![titanic.jpg](attachment:titanic.jpg)
Source:FOX

In this notebook, I will explore a new library called PyCaret on the Titanic dataset and some of its powerful functions. 

In the modelling part of the Kernel, there will be 3 main parts:

       1. Normal modelling using 1 model 
       2. Blending models
       3. Stacking models

In [None]:
import numpy as np # linear algebra
import pandas as pd # data processing, CSV file I/O (e.g. pd.read_csv)
import seaborn as sns

# Input data files are available in the "../input/" directory.
# For example, running this (by clicking run or pressing Shift+Enter) will list all files under the input directory

import os
for dirname, _, filenames in os.walk('/kaggle/input'):
    for filename in filenames:
        print(os.path.join(dirname, filename))

# Any results you write to the current directory are saved as output.

Import the train/test set and check data 

In [None]:
train = pd.read_csv('../input/titanic/train.csv')
test = pd.read_csv('../input/titanic/test.csv')


pd.DataFrame(train.dtypes, columns=['Type'])

#  EDA

In [None]:
train.head(10)

In [None]:
train.describe()

Check if there is NaNs in the data

In [None]:
train.isna().mean().round(4) * 100

In [None]:
test.isna().mean().round(4) * 100

In [None]:
colors = ['#000099', '#ffff00'] # specify the colours - yellow is missing. blue is not missing.
sns.heatmap(train.isnull(), cmap=sns.color_palette(colours))

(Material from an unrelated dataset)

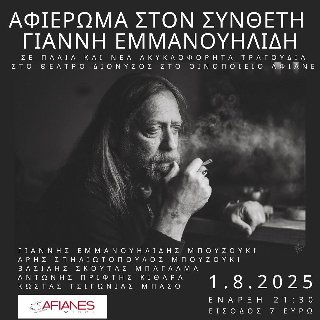 Την Παρασκευή 1η Αυγούστου το Οινοποιείο Αφιανέ φιλοξενεί μια ξεχωριστή εκδήλωση, αφιερωμένη στον Ικαριώτη συνθέτη Γιάννη Εμμανουηλίδη. Σε μια ατμόσφαιρα γεμάτη μνήμη, συναίσθημα και δημιουργικότητα, ο συνθέτης παρουσιάζει παλιά και νέα ακυκλοφόρητα τραγούδια του, πλαισιωμένος από αγαπημένους του συνεργάτες και φίλους μουσικούς.
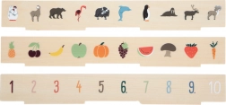 Cleveres Holzspielzeug für Kinder ab 3 Jahren, das Sortieren, Einlegen und Wortschatzlernen kombiniert. Enthält drei zweiseitige Tafeln und 60 Bildchips zu den Themen Verkehr, Tiere, Zahlen, Formen, Kleidung, Obst und Gemüse. Beim Spielen trainieren Kinder Feinmotorik, Farben- und Formerkennung und erweitern ganz natürlich ihren Wortschatz. Sichere Aufbewahrung bietet eine Holzbox mit 10 Fächern und Gummiband-Verschlüssen – ideal auch für unterwegs.

Luckily for us, the dataset is pretty clean, so we won't have to worry about dropping many features. The features with missing data are: Age, cabin (train and test), and embarked (only train). I will deal with these features differently:

1. add the median to the missing value in age (continuos)
2. drop cabin feature since it is missing a lot of data
3. use the mode for embarked (categorical) variable



In [None]:
# create new df so we can keep the original one and manipulate a new one
train_model = train.copy()
test_model = test.copy()
#add the median for age column
train_model['Age'] = train_model['Age'].fillna(train_model['Age'].median())
test_model['Age'] = test_model['Age'].fillna(train_model['Age'].median())

#the train dataset had missing values for fare, so we will do the same but for fare feature on test set
test_model['Fare'] = test_model['Fare'].fillna(train_model['Fare'].median())

test.head(10)

Cabin has more than 77% of data missing, so we will drop this feature 

In [None]:
train_model = train_model.drop(['Cabin'],axis=1)
test_model = test_model.drop(['Cabin'],axis=1)
test_model.head(10)

We impute the Embarket column with the most common value (mode). This way, we won't mess too much with the distribution of these features.

In [None]:
#The test dataset didn't have missing values for Embarked, so we will apply the imputation only for the train dataset
train_model['Embarked'] = train_model['Embarked'].fillna(train_model['Embarked'].mode()[0])

train_model.isnull().mean().round(4) * 100

In [None]:
test_model.isnull().mean().round(4) * 100

Now that our code is cleaner, we can plot some of the variables. First we will start checking the distribution of survival per fares

In [None]:
import matplotlib.pyplot as plt


f, ax = plt.subplots(figsize=(10, 8))
ax = sns.violinplot(x="Survived", y="Fare", data=train_model)
ax.set_xticklabels(['no','yes']);



We see that poorer people were more likely to die. For instance, people who paid more than £300 did not die **at all** (Damn capitalism!). If you've seen the movie, it's clear that rich people had privileges. We must take it into account $ in our analysis. 


In [None]:
f, ax = plt.subplots(figsize=(10, 8))
ax = sns.violinplot(x="Sex", y="Age", hue="Survived", data=train_model,split=True);


Another important remark is that more women survived the disaster than men. Furthermore, the survival for both men and women has a bimodal distribution: 1 peak in the distribution around 10 years old and second peak around 30 years old. Unfortunately, the distribution is almost normal for men with most of the fatalities around 30 years old. So we know that gender has an important impact in whether a person survive or not.

In [None]:
pclass_total = train_model.groupby(['Pclass']).sum()
pclass_total = pclass_total['Survived']
plot = pclass_total.plot.pie(figsize=(8, 6),autopct='%1.1f%%')
plt.title('Percentage of survivals by class')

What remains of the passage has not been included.